Preliminarily, it is important to note that the orders directing payment of Mr. Jung’s distribution with interest do not purport to be against the personal representative in her individual capacity. The probate court did not find that May T. Jung violated her duties to the Estate or Mr. Jung in withholding his distribution until his status as an heir was ascertained, or in failing to invest the withheld funds appropriately in the interim. We read the court’s orders as directing the personal representative to pay the distribution and the interest thereon from the assets of the Estate, not from her own personal assets.
The statutory provision on which the probate court relied, D.C.Code § 28-3302(a) (2001), states that “[t]he rate of interest in the District upon the loan or forbearance of money, goods, or things in action in the absence of expressed contract, is 6% per annum.”

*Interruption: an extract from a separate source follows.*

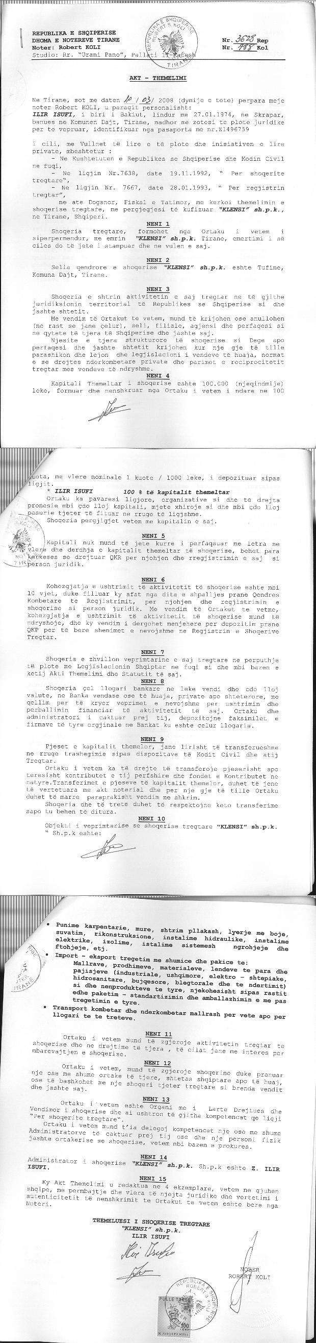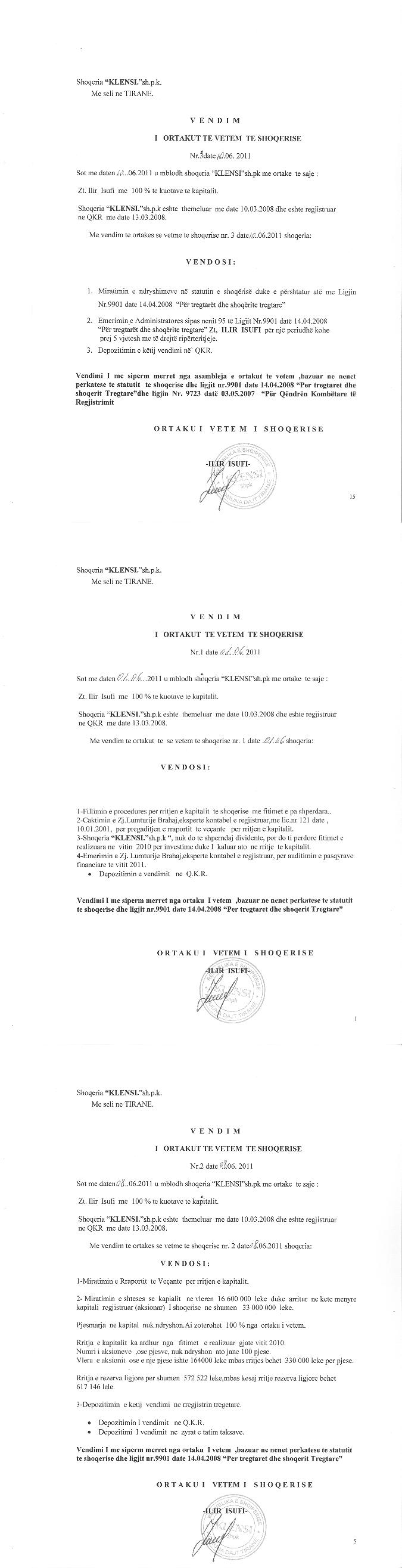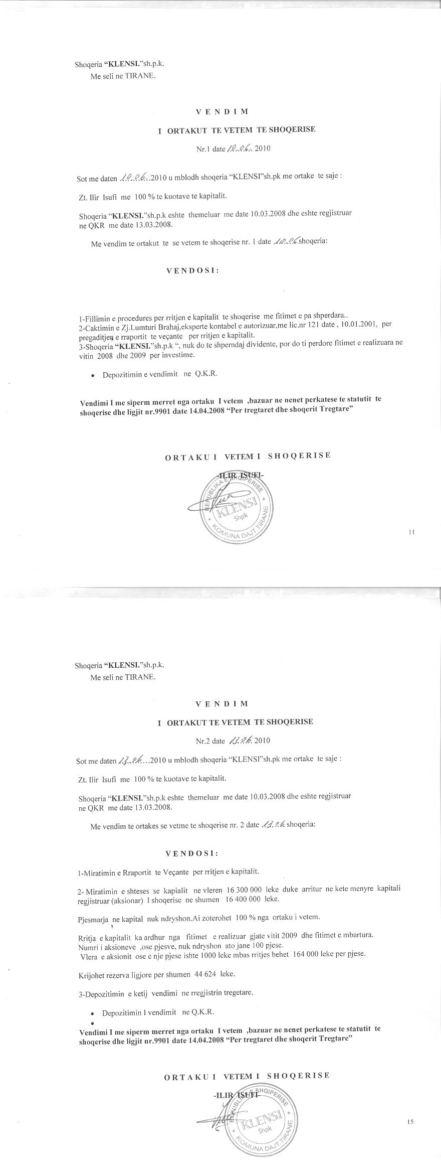 → Ekstrakt Historik i Regjistrit Tregtar date 08.01.2024 → Akt themelimi i Shoqerise → Vendim i Ortakut të Vetëm, Zmadhim Kapitali datë 10.06.2010 → Vendim i Ortakut të Vetëm, Zmadhim Kapitali datë 10.06.2011 → Vendim i Ortakut të Vetëm, Zmadhim Kapitali datë 25.06.2013 → Vendim i Ortakut të Vetëm, Zmadhim Kapitali datë 10.05.2014 → Vendim i Ortakut të Vetëm, Zmadhim Kapitali datë 10.04.2015 → Vendim i Ortakut të Vetëm, Zmadhim Kapitali datë 30.06.2016 → Vendim i Ortakut të Vetëm, Zmadhim Kapitali datë 26.05.2017 → Vendim i Ortakut të Vetëm, Zmadhim Kapitali datë 15.07.2018 → Vendim i Ortakut të Vetëm, Zvogëlim Kapitali datë 05.09.2019 → Vendim i Ortakut të Vetëm, Zmadhim Kapitali datë 03.07.2020 → Vendim i Ortakut të Vetëm, Zmadhim Kapitali datë 01.07.2021 → Vendim i Ortakut të Vetëm, Zmadhim Kapitali datë 26.07.2022 → Vendim i Ortakut të Vetëm, Zmadhim Kapitali datë 06.06.2023 |

More fundamentally, it was error for the probate court to require that Mr. Jung be paid more interest than his distribution had earned in the bank because the difference would have to come at the expense of the other heirs from their shares of the remaining distributable assets of the Estate. In this case, the children of Lew Gin Gee Jung, as her heirs, were entitled to share equally in those remaining assets (having shared equally in the first distribution of $60,000 apiece).
We reverse the order of the probate court requiring the personal representative of the Estate of Lew Gin Gee Jung to pay Mr. Jung interest of six percent per annum on his $60,000 distribution. In light of our holding, Mr. Jung may be obliged to pay back to the Estate the excess interest he received, unless there are other material circumstances of which we are unaware. In that case, we envision that on remand the probate court will enter an appropriate order to that effect and oversee the repayment.
So ordered.
. See Jung v. Jung, 791 A.2d 46 (D.C.2002); In re Estate of Lew Gin Gee Jung, 791 A.2d 920 (2000).
.The other subsections of D.C.Code § 28-3302, on which the probate court did not rely, govern post-judgment interest only. Unlike subsection (a), the other subsections do not provide for interest at the rate of six percent per annum.
. “Strictly speaking,” the dictionary adds, "forbearance denotes an intentional negative act....” Id.
. Bow G. Jung must be deemed to have shared equally in that initial distribution because his $60,000 was held for him in an interest-bearing account.